Lo que es nuevo en este comienzo de siglo es el yugo autoimpuesto de la mejora constante, como si el ser humano fuera una máquina

Cierto es que el ser humano vive dentro de un permanente interrogante que le interpela sobre su sí mismo y sobre su lugar en el mundo. Pero, que se sepa, en ningún sitio está escrita una ley que diga que para contestar a esa pregunta uno tiene que consumirse hasta el marasmo. Por eso es hora de plantearse si el paradigma del trabajo, que tanta productividad y riqueza trae a nuestro mundo profesional, es también funcional en el terreno del desarrollo personal. Visto desde la adecuada perspectiva, puede que contestar a nuestras preguntas últimas violentándonos hasta la extenuación no sea el mejor enfoque para encontrar lo que quiera que sea que buscamos. Al menos cuando rebasamos ese punto de inflexión en el que comenzamos a sentir más frustración que disfrute. Momento que, con toda seguridad, llegará tarde o temprano. Porque es imposible llegar a una meta que corre en el mismo sentido que nosotros y a la misma velocidad.

Cualquier mirada retrospectiva hacia nuestros ancestros revelará que, en las épocas de mayor florecimiento humano, nadie vivía autoexplotado por su propia exigencia de ser más. Muy al contrario, aquellas sociedades se dejaban ir, se esparcían y disfrutaban de la dicha de ser simplemente quienes eran. Su perspectiva era a menudo lúdica, serena, contemplativa. Aun con los mismos interrogantes sobre la vida, lo que es nuevo en este comienzo de siglo es el yugo autoimpuesto de la mejora constante, como si el ser humano fuera una máquina que se pudiera optimizar hasta la excelencia. Esa palabra que ha producido tantas quimeras como frustraciones.

Y así es que hemos sustituido el diálogo por el dato. Como si tener más información nos hiciera más sabios.

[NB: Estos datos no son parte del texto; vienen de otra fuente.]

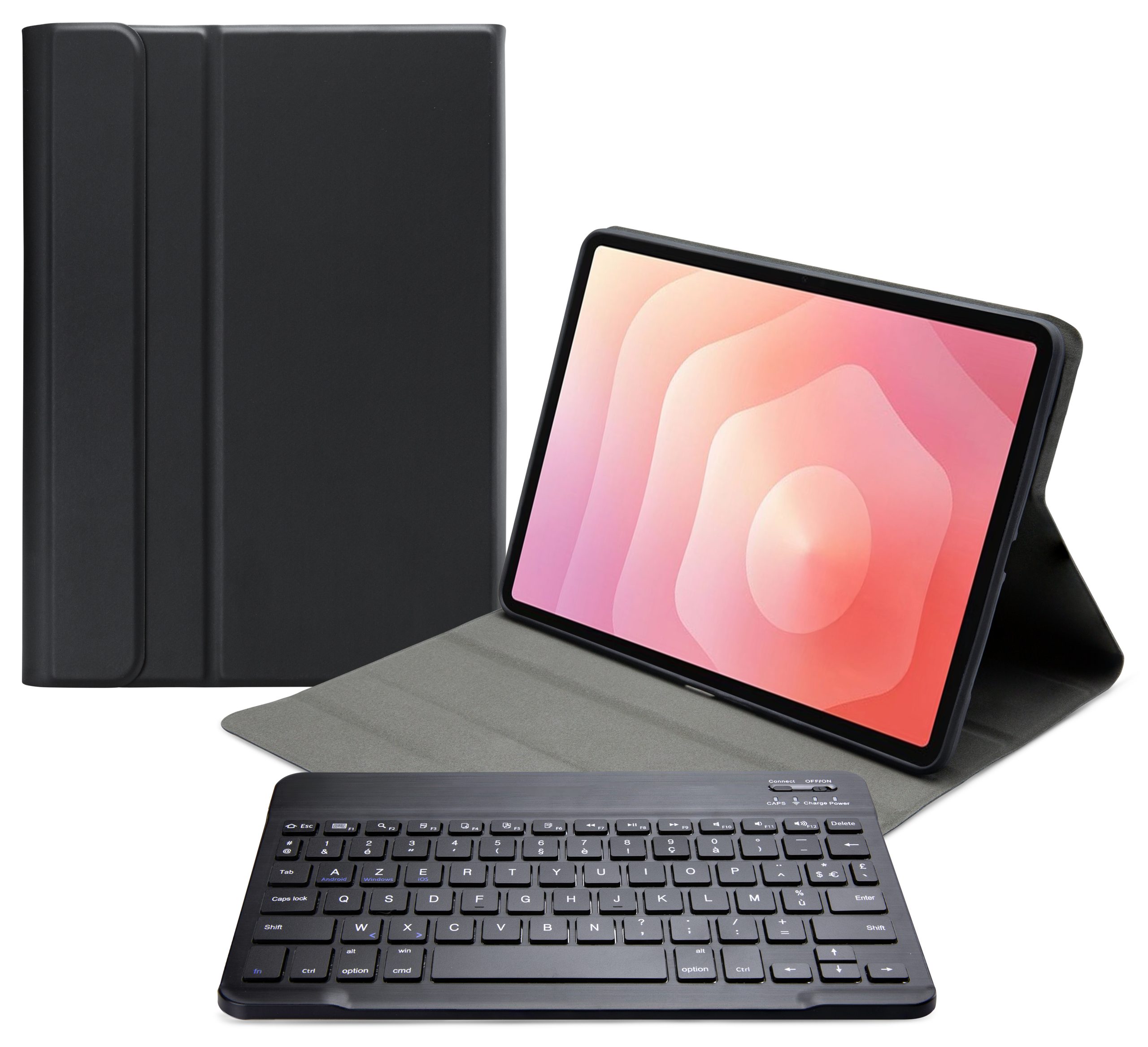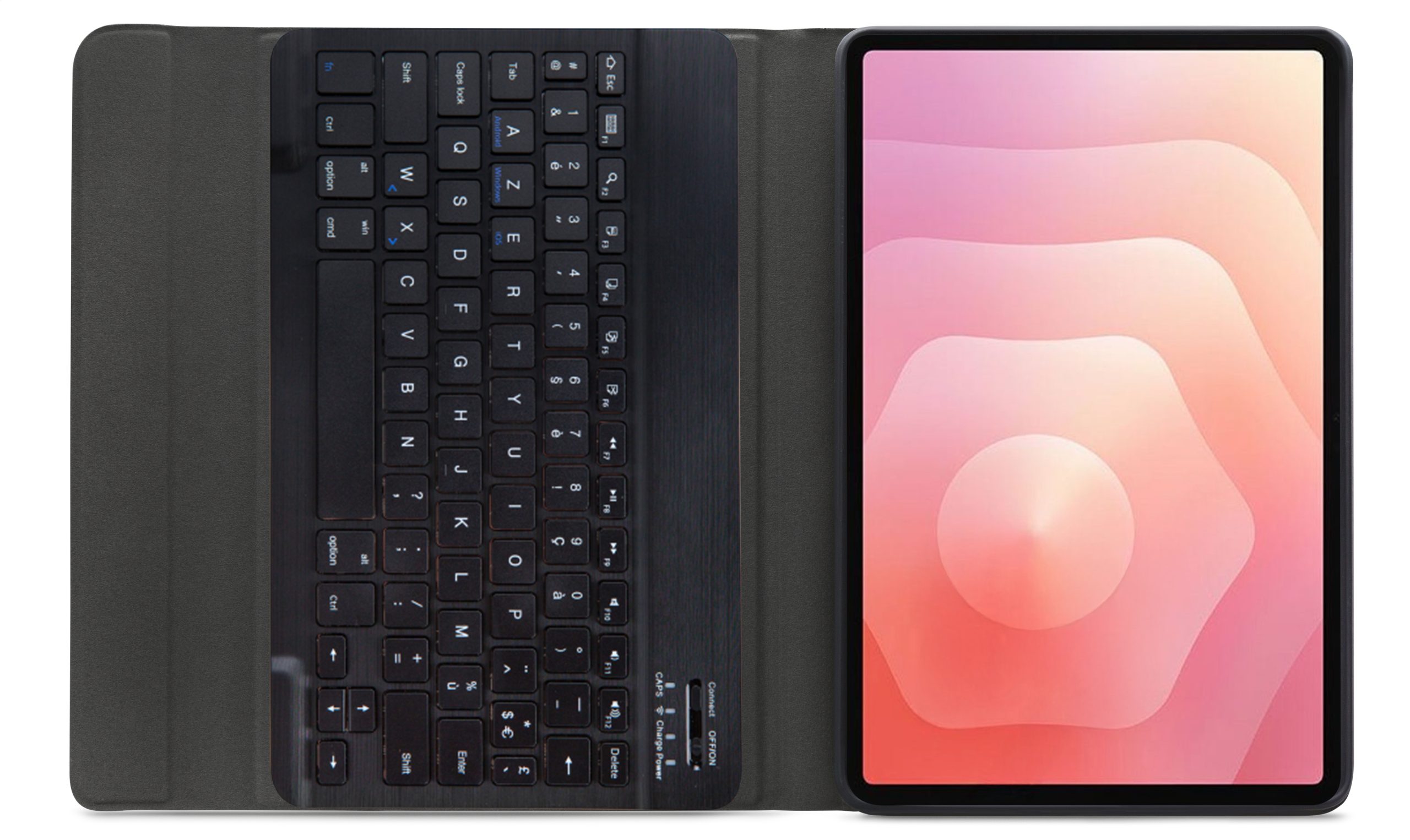 Dankzij gleuven aan de binnenkant van de case is de tablet is in 3 verschillende standen te zetten voor beter zicht op het scherm tijdens het typen van je document of Teams-vergadering. Door middel van Bluetooth maakt u verbinding met het AZERTY-toetsenbord. Het uitneembare toetsenbord is licht van gewicht, heeft een solide bouw zodat het comfortabel typt en zit met sterke magneten stevig vast in de case. Een extra laag microfiber onder het toetsenbord zorgt er ook nog eens voor dat het niet weg zal glijden tijdens gebruik en voor extra stevigheid. In de flap van de case zit ook een sterke magneet die de gehele case netjes afsluit.

Este siglo nuevo nos ha traído un trabajo más complejo y ubicuo y un ocio en el que también trabajamos en subir nuestra particular escalera. Siendo nuestros propios jefes, los más duros que existen. De ahí viene la permanente necesidad de desconexión que a veces es irreprimible: de nuestra permanente conexión a una autoexigencia constante. Ya no hay ocio pleno, descanso sin más, aburrimiento, dolce far niente. Porque, incluso, cuando parece que no hay nada que hacer, siempre aparece una serie de televisión inoculándonos la necesidad ansiosa y urgente de ver el siguiente capítulo. Y cuando esa serie acaba, aparece una recomendación para engullir la siguiente. Que, en general, es el mismo perro con distinto collar. Nada acaba. Siempre hay más. Otro peldaño. Y así hasta el infinito, como las escaleras de Escher.

Ni en los restaurantes descansamos, porque siempre hay que demostrar conocimiento televisivo sobre los ingredientes o los emplatados. Y muchas conversaciones interesantes acaban abruptamente en la vulgar Wikipedia, porque nuestra hambre de detalles insustanciales y efímeros no puede reposar tranquila sin cobrarse otra presa. Ante la incertidumbre y el vacío hay que hacer algo de manera urgente, con la misma precipitación con la que compramos el último objeto inútil para que nos lo sirvan en veinticuatro horas. No se puede simplemente dialogar ni transitar por la duda: hay que sentenciar, haciendo de las sillas cátedras y de las sobremesas espacios congresuales. En estas conversaciones nunca se llega al final de nada porque siempre se llega de manera prematura al aparente final de todo. Y así es que hemos sustituido el diálogo por el dato. Crudo, frío, aislado. Como si tener más información nos hiciera más sabios.

Sería interesante probar a ocupar nuestro propio espacio con plenitud, refugiarnos en ese yo que ya somos, en ese que hemos sido siempre, para demorarnos en nuestra singular sustancia y ganar arraigo ante la vida. Sin más. Sin atolondrarnos, sin angustiarnos, sin que vivir signifique una carrera eterna en una cinta sin fin, en una escalera infinita. Quizá entonces, sólo quizá no nos sentiríamos siempre como si hubiéramos perdido otra oportunidad más de ser como las mareas: que, aunque no se detienen, siempre habitan el mismo lugar.